Although there are all too many on the peace process circuit who get a frisson from the whiff of cordite, I am not among them. Although I have two close friends who were once terrorists, there is nothing romantic about the way they view their violent past; they are both obsessed with trying to save the young from following in their bloodstained footsteps.
I am outraged that fashionable spokesmen for paramilitary groups who hate each other make common cause against those boring old constitutionalists who want weapons decommissioned; and no amount of peace-and-vision rhetoric will convince me that any decent person should ever vote for Gerry Adams, David Ervine, John White or their followers.
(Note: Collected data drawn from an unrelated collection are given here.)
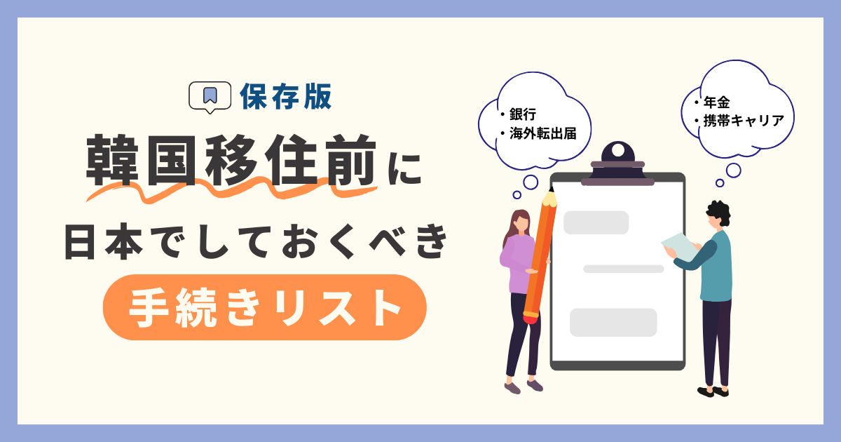 当サイトの人気記事Popular Post 【韓国結婚ビザ(F-6)】申請書類の書き方記入例 68 views 【体験談】不安だらけだった韓国の結婚ビザ(F-6)申請|必要書類・申請方法・取得までの流れを解説 60 views 韓国人との婚姻届けの出し方【日本で先に手続する方法】提出書類・注意点まとめ 29 views 【韓国人との交流が広がる!】趣味共有から友達作りに最適なアプリ”소모임(ソモイム)”をご紹介! 16 views 【駐大阪大韓民国総領事館に婚姻届けを提出した話】日本で婚姻届けが受理された後の手続き|韓国の婚姻届けの書き方も紹介 12 views 【韓国就職に役に立つ!】ソウルグローバルセンターが開催する“ビジネス韓国語クラス”を受講してみた 8 views 【保存版】韓国移住前に日本でしておくべき手続きリスト 1 views 新着記事New Post 【保存版】韓国移住前に日本でしておくべき手続きリスト 2026.02.05 韓国移住 【体験談】不安だらけだった韓国の結婚ビザ(F-6)申請|必要書類・申請方法・取得までの流れを解説 2026.01.01 ビザ関連 【韓国人との交流が広がる!】趣味共有から友達作りに最適なアプリ”소모임(ソモイム)”をご紹介! 2025.12.20 韓国生活 【韓国結婚ビザ(F-6)】申請書類の書き方記入例 2025.12.15 ビザ関連 ビザ関連 (2) 日韓夫婦 (4) 韓国生活 (2) 韓国移住 (1) maiワーホリ、留学を経て韓国に移住しました!Profile韓国在住の日本人maiです! 韓国人の方と結婚し、結婚ビザ(F-6)の許可がおりました!2026年の1月に韓国に移住しました。 韓国の生活や現地のリアルな出来事など日記のように綴っていきます✍ また日韓カップルや日韓夫婦の方のお役に立てるような情報も発信していこうと思っています⭐ ゆっくり見て行ってください☺プロフィールを読むXInstagram
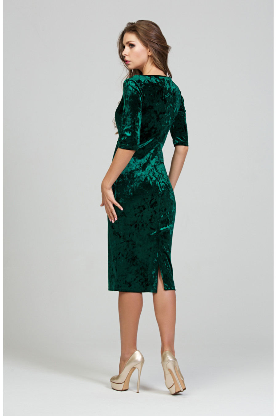 Элегантное платье-«футляр» из великолепного бархата. Глубокий вырез горловины придает модели женственность и сексуальность. На полочке нагрудная вытачка, что позволяет отлично посадить платье на фигуру. Рукав длинной ¾ втачной. На спинке в среднем шве – шлица.
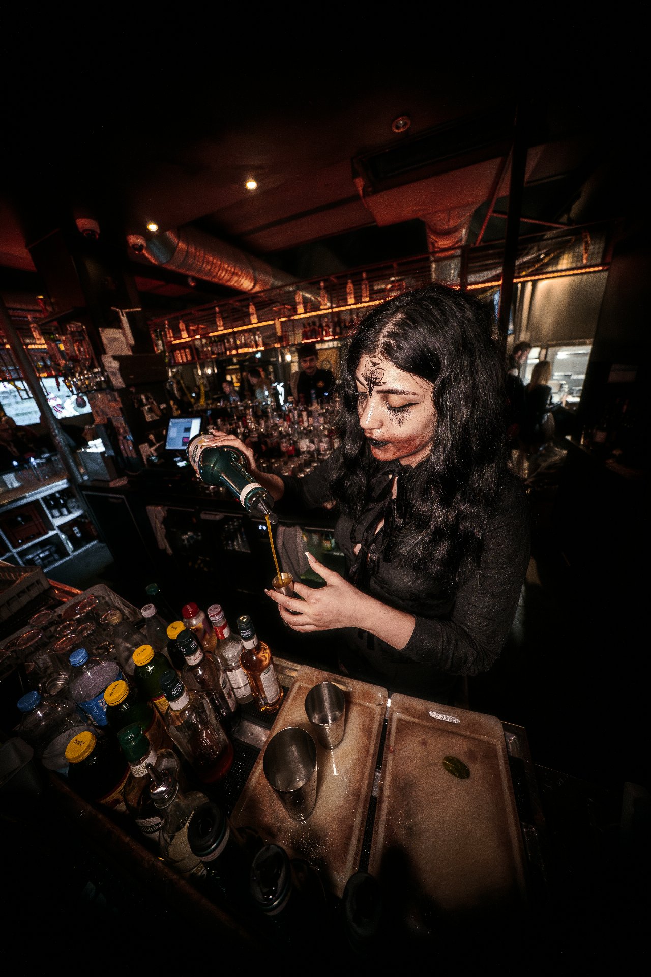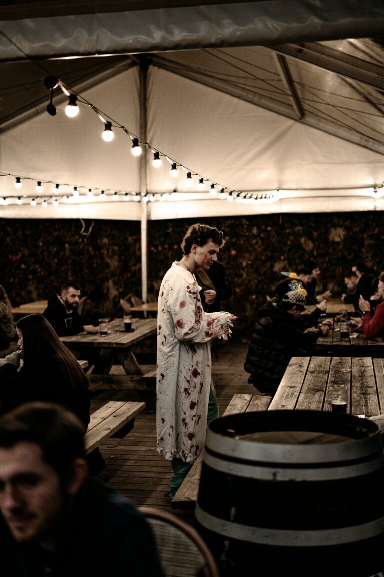 Notre mission ? Capter l’essence d’Halloween, version Albion : des costumes barrés, une déco infernale, un groupe de rock local, et un petit grain de folie.

Against a backdrop of a phoenix arising from the ashes, the republican leadership boast that they have lifted their people off their knees. The truth is rather that in their fiefdoms, 30 years of murder and thuggery have caused enormous suffering to an increasingly brutalised Catholic underclass. Republican paramilitaries killed more Catholics than did loyalists and the security forces combined, while their propagandists instilled in their community a preposterous sense of victimhood: not so much the Chosen People as the Most Oppressed People Ever. It is hardly surprising that those at the bottom of the heap wonder why their loved ones died or spent their youth in prison so that Martin McGuinness could be a minister in Stormont, and begin to look kindly on the "Real IRA".
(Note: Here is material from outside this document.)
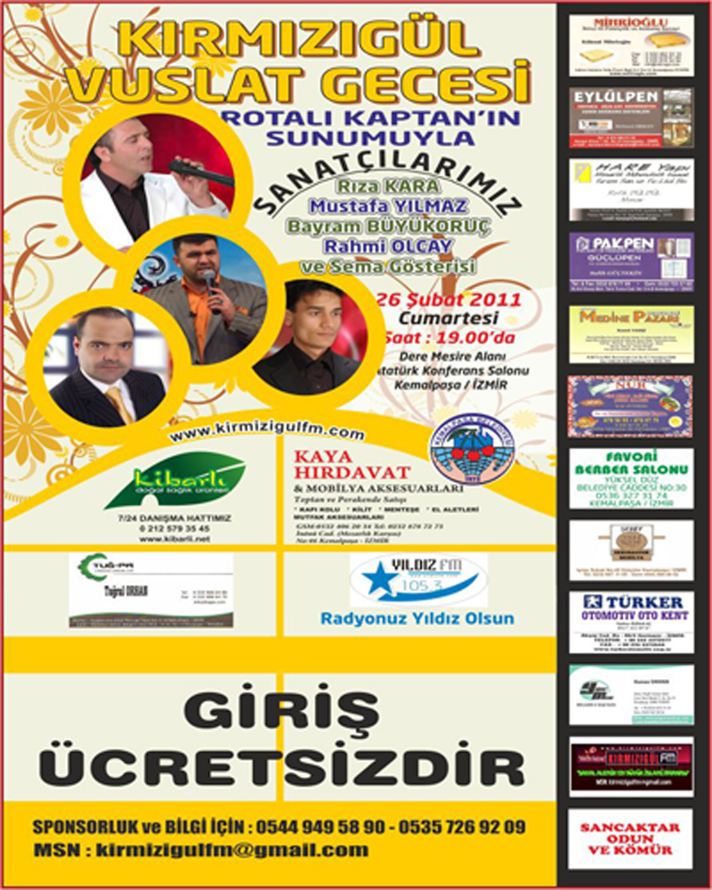 Kırmızıgül İlahi Fm’in İzmir Kemalpaşa’da 26 Şubat 2011 Tarihinde Düzenlemiş Olduğu Kırmızıgül Vuslat Gecesi Konserine Büyük İlgi ve Katılım Gösteren Dinleyicilerimize Şükranlarımızı Sunuyoruz…

But if republican ghettos are bad, their loyalist equivalents are infinitely worse, for there is also the underlying nihilism that emerges when a community's identity is under threat. To wander about the Shankill Road and its environs is to appreciate the devastation wrought by well-meaning people in Dublin and London who understand nothing of this vulnerable community, yet who daily take decisions that make its members' condition worse by further eroding their sense of self. Every assault on British symbols adds to the sense of fear and insecurity that helps the violent to flourish.
As someone from a Dublin Catholic background who has spent a great deal of time among Northern Ireland Protestants, I am constantly horrified by the sheer scale of the ignorance of British and Irish officials and politicians about the majority of those people whose lives they attempt to control.
Of course, when you think about it, it's not surprising. Because Northern Ireland was part of the United Kingdom and was alleged by our Constitution to belong to us, neither government thought it appropriate to have diplomats operating as they would in a foreign country, yet foreign is the right description of this little backwater that got caught in a time warp. (And before someone writes in from the Department of Foreign Affairs about the roving representatives of the Anglo-Irish section, they were too few, they came too late and they were not encouraged to keep open minds.) Nor was there any electoral imperative to cause politicians here or in Westminster to bother finding out what was going on. How can Northern Ireland be considered a democracy when no one there can vote for any of the parties in either government? Fianna Fail left the field to Sinn Fein, while in Britain the pretence is maintained that the SDLP, an old-fashioned Catholic nationalist party, is a natural home for Labour voters. Indeed if you live in Northern Ireland you are banned from joining the British Labour Party.
With a very few exceptions, Irish politicians took the line that although the British government was to cherish both communities equally, the well-being of nationalists was Dublin's only concern. For decades, Irish policy on Northern Ireland was dictated by nationalist tribal chieftains - first Hume, now Adams. While refusing to honour the spirit of the Belfast Agreement and let out the killers of Garda McCabe, the Irish Government has fought to have the RUC disbanded at the behest of those who murdered hundreds of its officers and who want an emasculated police force so that the bandits of south Armagh can go about their daily smuggling and extortion without challenge. And now, as a result of leaks, rumour and the conduct of Sinn Fein ministers visa-vis the flag of the country which pays their salaries, Mr and Mrs Prod are not unreasonably convinced that Dublin is colluding with Sinn Fein to destroy every visible manifestation of their culture.
At Drumcree, people who have never had as much as a parking ticket told me over and over that only violence paid. In and around the Shankill Road, I saw an unloved and alienated community who see treachery every day in the stream of British concessions on parades, flags, anthems and symbols.
In the worst of housing estates in the South and in republican areas in the North, teenagers know themselves to be Irish: in the loyalist equivalents, the young think that tomorrow they may be told they are no longer British. The fierce individuality of the Protestant dissenting tradition is inimical to unity against the republican enemy; and the main hope of work, status and excitement is offered by gangsters.
Release into that world a man of the energy, ruthlessness and charisma of the legendary Johnny Adair, and what do you expect? Though his primary aim is to annihilate loyalist competitors and corner the drug trade, he genuinely worships the memory of Billy Wright and seeks to achieve a similar standing in the pantheon of loyalist heroes. As the outward signs of the culture in which loyalist children were reared is remorselessly stripped away, is it any wonder that marching behind the flag of the Ulster Freedom Fighters offers a sense of belonging?